Today’s
Washington Post outlines the USCIS’
attempts to move out of the paper age and into the electronic age. After 10 years and a $1 billion, the USCIS
has one form on-line, the I-90,
which is used to renew a Green Card. For
those unfamiliar with the Form I-90, it is comparable to a driver’s license
renewal form. Ninety-nine other forms remain
only available via paper filing.
The project was
originally supposed to be completed by 2013 at a budget of a half-billion
dollars. The USCIS now expects the program
to be on-line in 2019 at a cost of $3.1 billion, although if history is any
guide it will be years beyond that at a even greater costs.
Part of the problem
is the “gotcha” nature of the forms themselves, which is indicative of a tone-deaf
USCIS. The forms often ask irrelevant
and unnecessary questions, aimed presumably at tripping up users.
Instead of focusing
on the e-filing initiative, the USCIS chooses to waste time and resources. For instance, the Simeio Solutions decision in April adds tens of thousands of
petitions to the USCIS without any legal necessity. The entire goal of the decision seems to be
to make life difficult for H-1B workers who switch job locations. There is no evidence that any legitimate
policy goal was achieved by the decision.

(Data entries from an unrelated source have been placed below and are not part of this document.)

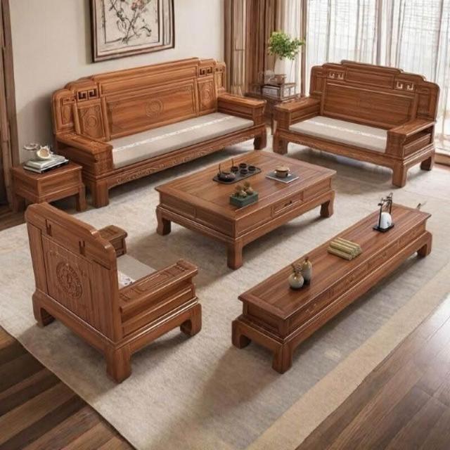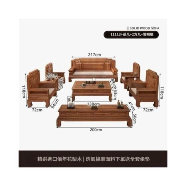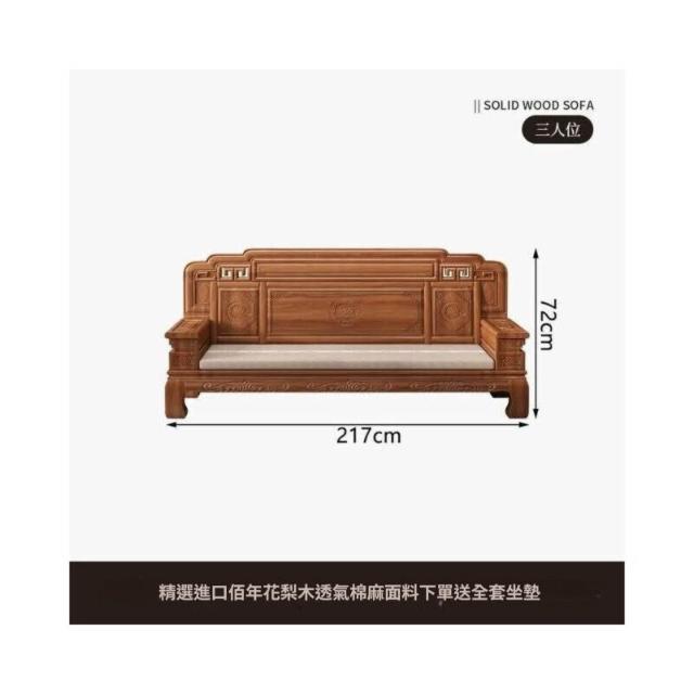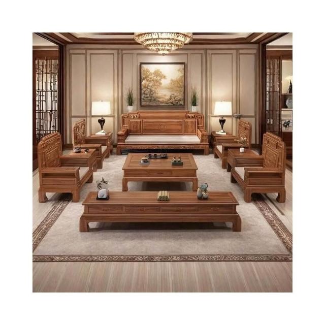 中式金花梨木實木沙發組合仿古典雕花冬夏兩用小戶型客廳組合沙發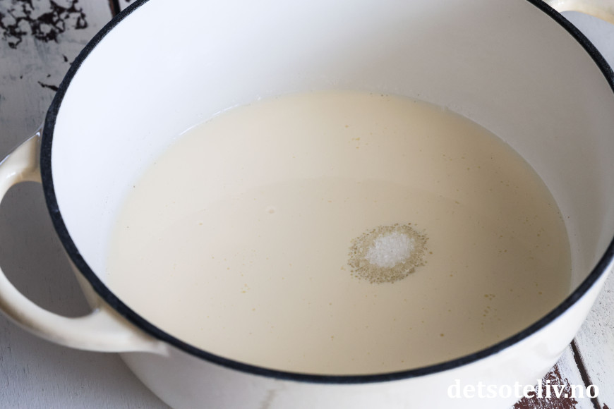 La blandingen avkjøles i romtemperatur i 10 minutter (ikke lenger). Rør jevnlig i blandingen med slikkepotten under avkjølingen. Du vil etter hvert merke at blandingen endrer konsistens og tykner litt.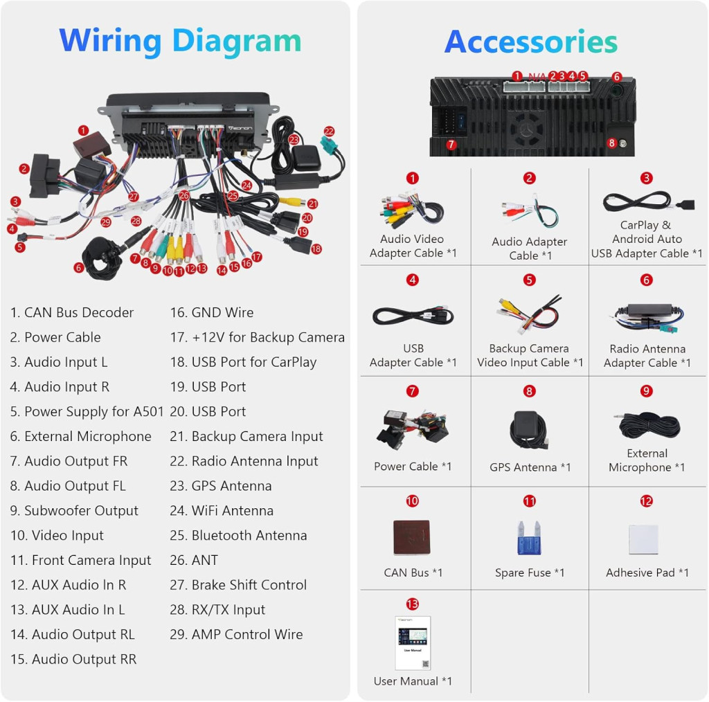 Az Eonon VWA13 autórádió teljes telepítési csomagot tartalmaz: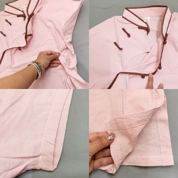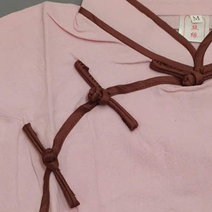 チャイナ服の特徴的なマオカラーにチャイナボタンが2つ付いています。

If anything the decision and the later multiple USCIS Memos that
attempted to clarify the decision, are
contrary to President
Obama’s attempts to modernize US immigration policy and align it with the
real world.
A good program
management team would start with the essential questions before building out
questions that are not core to the adjudication of the process. A good program management team would engage
users of the forms – immigrants, companies, immigration attorneys.
Until these
stakeholders are regularly engaged, skeptics will continue to criticize. Until the administration makes it a priority
to hold USCIS officials accountable for aimless policy and bloated budgets, the
USCIS will continue its bumbling nature.